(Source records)
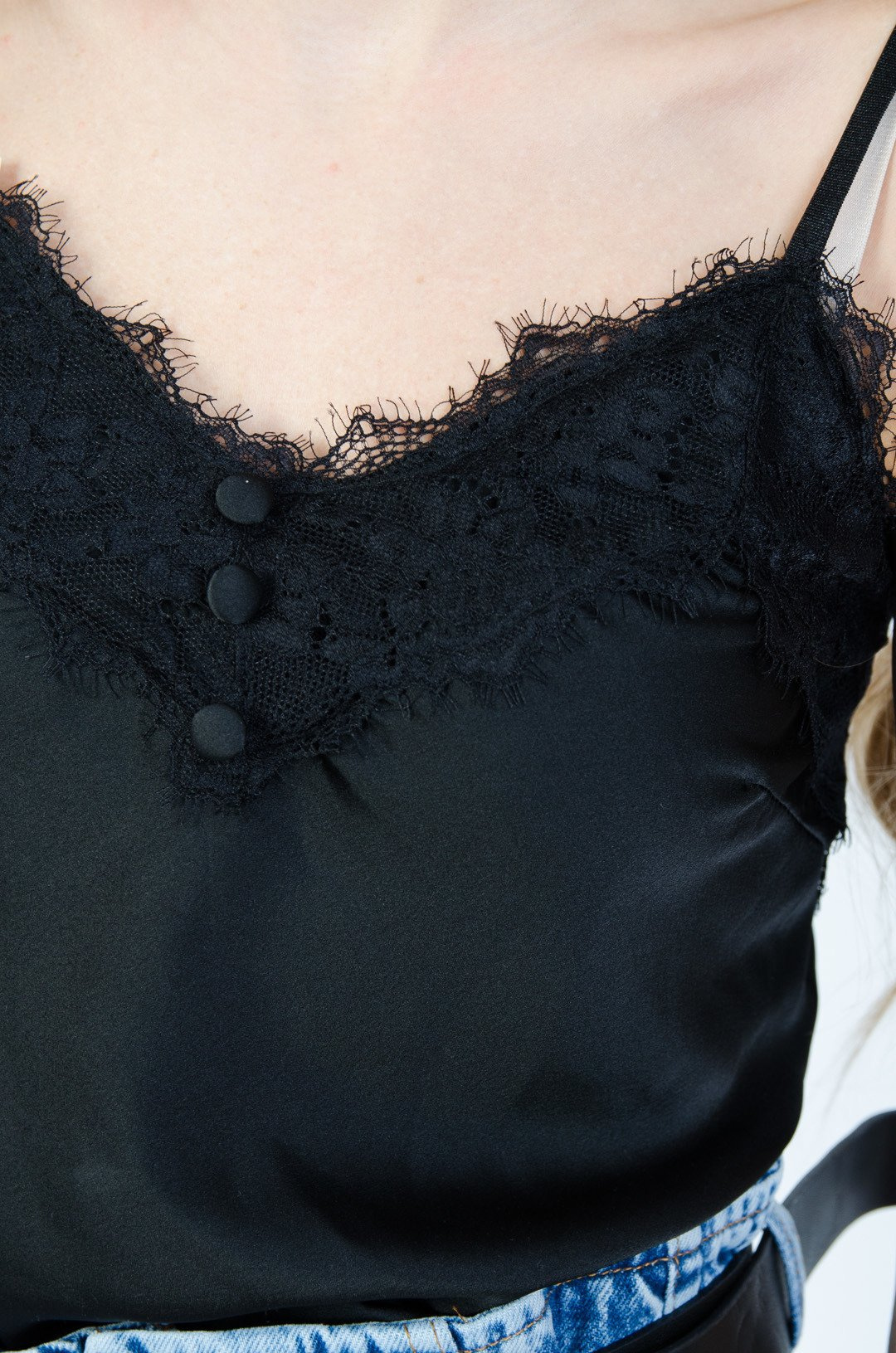 CZARNA SATYNOWA BLUZKA NA CIENKICH RAMIĄCZKACH
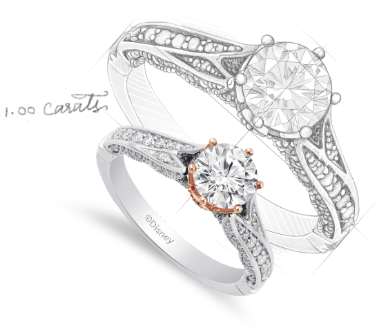 Our designs are inspired by the adventures of all your favorite Disney Princesses. Enchanted Disney Fine Jewelry ring, necklace, earring and bracelet designs are inspired by castles, crowns, and enchanting destinations.
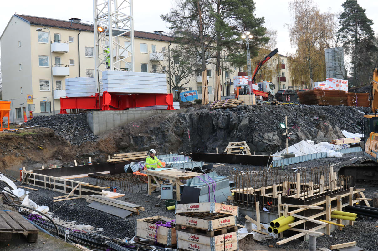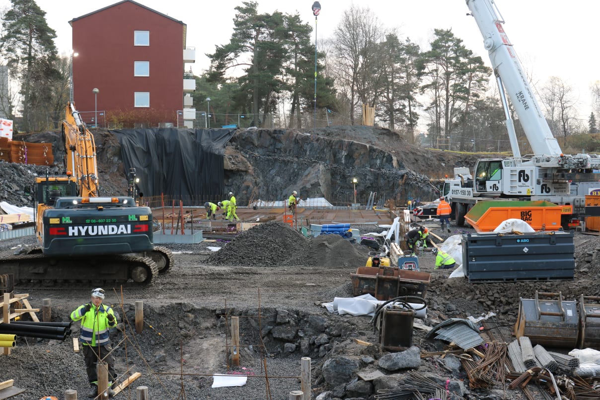 I ena änden av Kaggeholmsvägen finns numera en gigantisk grop. Jord och berg är bortfraktat och i gropen pågår förberedelser för husgrunden. Det nya kvarteret blir granne med villor på ena sidan och med Familjebostäders trevåningshus på den andra.
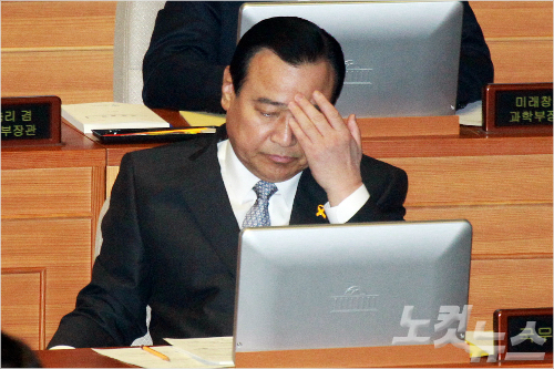 성완종 전 경남기업 회장으로부터 지난 2013년 국회의원 재선거 당시 3천만 원을 받은 의혹을 받고 있는 이완구 국무총리가 15일 오전 국회 본회의 경제 분야 대정부질문에서 손을 얼굴을 만지며 생각에 잠겨있다. 윤창원기자
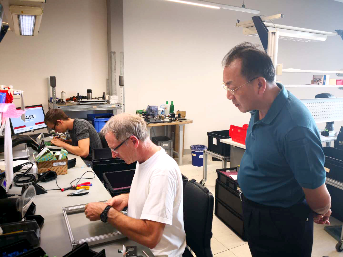 最后,特思公司的產品負責人特意帶領趙理事長一行人參觀了生產車間。車間分區,不同的區有不同的數控機床,在統一完成數控機床程序的編寫之后,相關程序會輸入相關的數控機床進行機械操作。有的機床有五面同時切割功能,有的機床有專門的數控機器人進行操作,在機械加工以后,工人都要對加工品進行尺寸與表面的測量,最大程度的保證產品的質量。在這里,筆者體會到了德國制造的精湛工藝和其具有持久耐用的產品特點。除此之外,無論是最新智能化SMD電路板貼片設備還是智能化電子元件倉庫都詮釋了德國制造的含義。
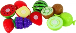 Frutta di plastica come fragola, kiwi, melone e altre in colori vivaci - facili da dividere con un coltello.
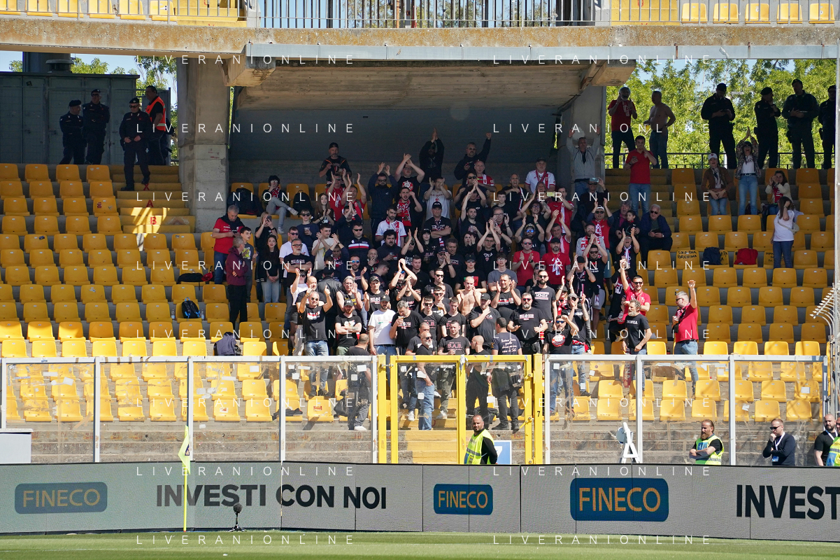 TVEM Supporters of AC Monza during the Italian soccer Serie A match US Lecce vs Monza on April 27, 2024 at Via del Mare Stadium in Lecce, Italy. Photo Emmanuele Mastrodonato/agenzia Liverani/ AGENZIA ALDO LIVERANI SAS
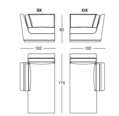 NIP NOBU 102х175 см LONGHI Шезлонг с высоким или низким подлокотником (SX/DX)
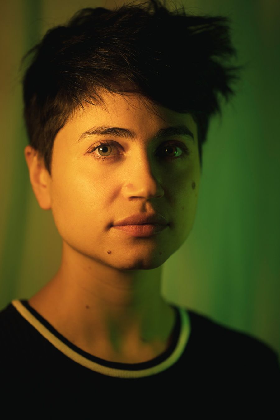 En la primera foto con dos flexos laterales que hemos forrado con los filtros: uno, más dirigido hacia la cara, con celofán naranja; y el otro, con uno verde que nos ha servido sobre todo para colorear el fondo.
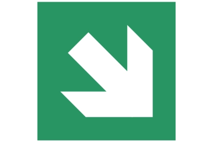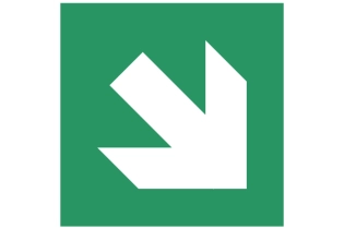 Sticker voor gebruik in trappenhuizen. 1x 45° pijl, draaibaar naar linksboven, linksonder, rechtsboven en rechtsonder. Inclusief sticker mannetje voor links of rechts.
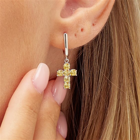 Orecchino singolo in argento rodiato 925‰ con pendente a forma di croce e cushion cubic zirconia colore golden yellow.
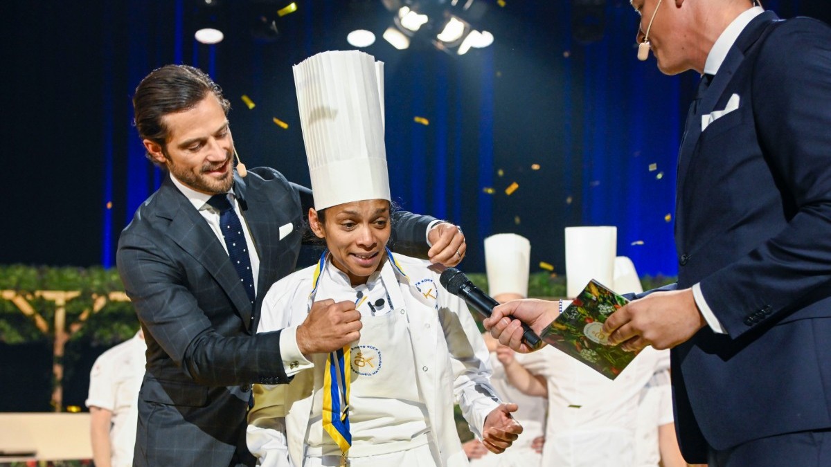 . Jessie Sommarström får sin medalj av prins Carl Philip. Jessie Sommarström 43 vinner Årets kock och är svensk mästare i professionell. Menyn för lunch komponerades av Johan Backeus vinnare Årets Kock 2017 och Birgit Malmcrona.
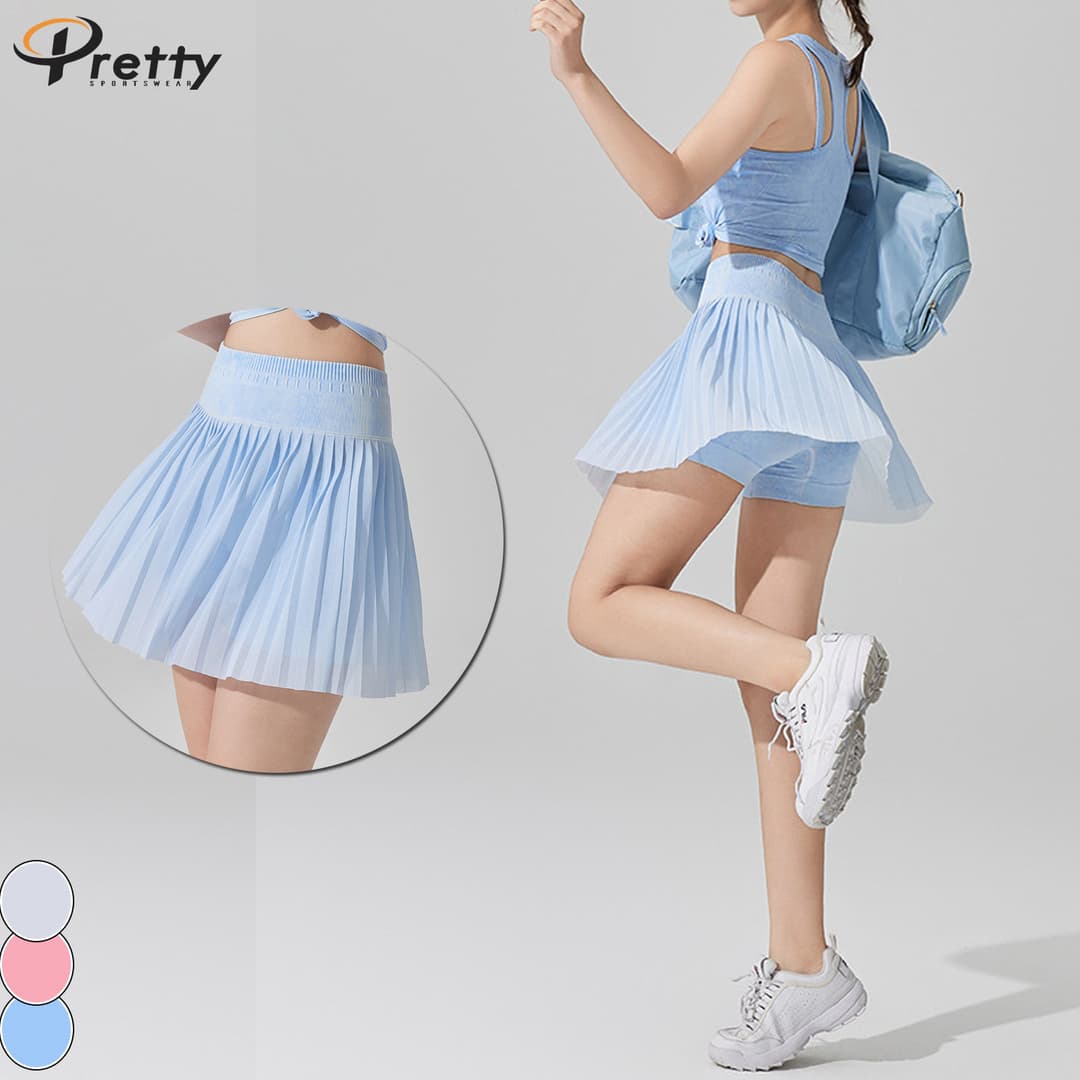 Fitness Skirts With Under Wear Washed Denim Breathable Summer Running Outdoor Sports Culottes Tennis Skirts Golf Pleated Skirt
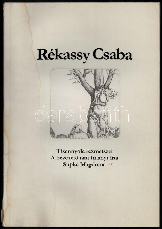Rékassy Csaba. Tizennyolc rézmetszet. A bevezető tanulmányt írta Supka Magdolna. Bp., 1981, Corvina. Kiadói papírkötés, foltos borítóval, kis szakadással a gerincen.

(Your instructions)
Your task is a word-for-word transcription of the entries, leaving out all pictures.

(Response to this exercise)
 CZARNA SATYNOWA BLUZKA NA CIENKICH RAMIĄCZKACH
 Our designs are inspired by the adventures of all your favorite Disney Princesses. Enchanted Disney Fine Jewelry ring, necklace, earring and bracelet designs are inspired by castles, crowns, and enchanting destinations.
 I ena änden av Kaggeholmsvägen finns numera en gigantisk grop. Jord och berg är bortfraktat och i gropen pågår förberedelser för husgrunden. Det nya kvarteret blir granne med villor på ena sidan och med Familjebostäders trevåningshus på den andra.
 성완종 전 경남기업 회장으로부터 지난 2013년 국회의원 재선거 당시 3천만 원을 받은 의혹을 받고 있는 이완구 국무총리가 15일 오전 국회 본회의 경제 분야 대정부질문에서 손을 얼굴을 만지며 생각에 잠겨있다. 윤창원기자
 最后,特思公司的產品負責人特意帶領趙理事長一行人參觀了生產車間。車間分區,不同的區有不同的數控機床,在統一完成數控機床程序的編寫之后,相關程序會輸入相關的數控機床進行機械操作。有的機床有五面同時切割功能,有的機床有專門的數控機器人進行操作,在機械加工以后,工人都要對加工品進行尺寸與表面的測量,最大程度的保證產品的質量。在這里,筆者體會到了德國制造的精湛工藝和其具有持久耐用的產品特點。除此之外,無論是最新智能化SMD電路板貼片設備還是智能化電子元件倉庫都詮釋了德國制造的含義。
 Frutta di plastica come fragola, kiwi, melone e altre in colori vivaci - facili da dividere con un coltello.
 TVEM Supporters of AC Monza during the Italian soccer Serie A match US Lecce vs Monza on April 27, 2024 at Via del Mare Stadium in Lecce, Italy. Photo Emmanuele Mastrodonato/agenzia Liverani/ AGENZIA ALDO LIVERANI SAS
 NIP NOBU 102х175 см LONGHI Шезлонг с высоким или низким подлокотником (SX/DX)
 En la primera foto con dos flexos laterales que hemos forrado con los filtros: uno, más dirigido hacia la cara, con celofán naranja; y el otro, con uno verde que nos ha servido sobre todo para colorear el fondo.
 Sticker voor gebruik in trappenhuizen. 1x 45° pijl, draaibaar naar linksboven, linksonder, rechtsboven en rechtsonder. Inclusief sticker mannetje voor links of rechts.
 Orecchino singolo in argento rodiato 925‰ con pendente a forma di croce e cushion cubic zirconia colore golden yellow.
 . Jessie Sommarström får sin medalj av prins Carl Philip. Jessie Sommarström 43 vinner Årets kock och är svensk mästare i professionell. Menyn för lunch komponerades av Johan Backeus vinnare Årets Kock 2017 och Birgit Malmcrona.
 Fitness Skirts With Under Wear Washed Denim Breathable Summer Running Outdoor Sports Culottes Tennis Skirts Golf Pleated Skirt
Rékassy Csaba. Tizennyolc rézmetszet. A bevezető tanulmányt írta Supka Magdolna. Bp., 1981, Corvina. Kiadói papírkötés, foltos borítóval, kis szakadással a gerincen.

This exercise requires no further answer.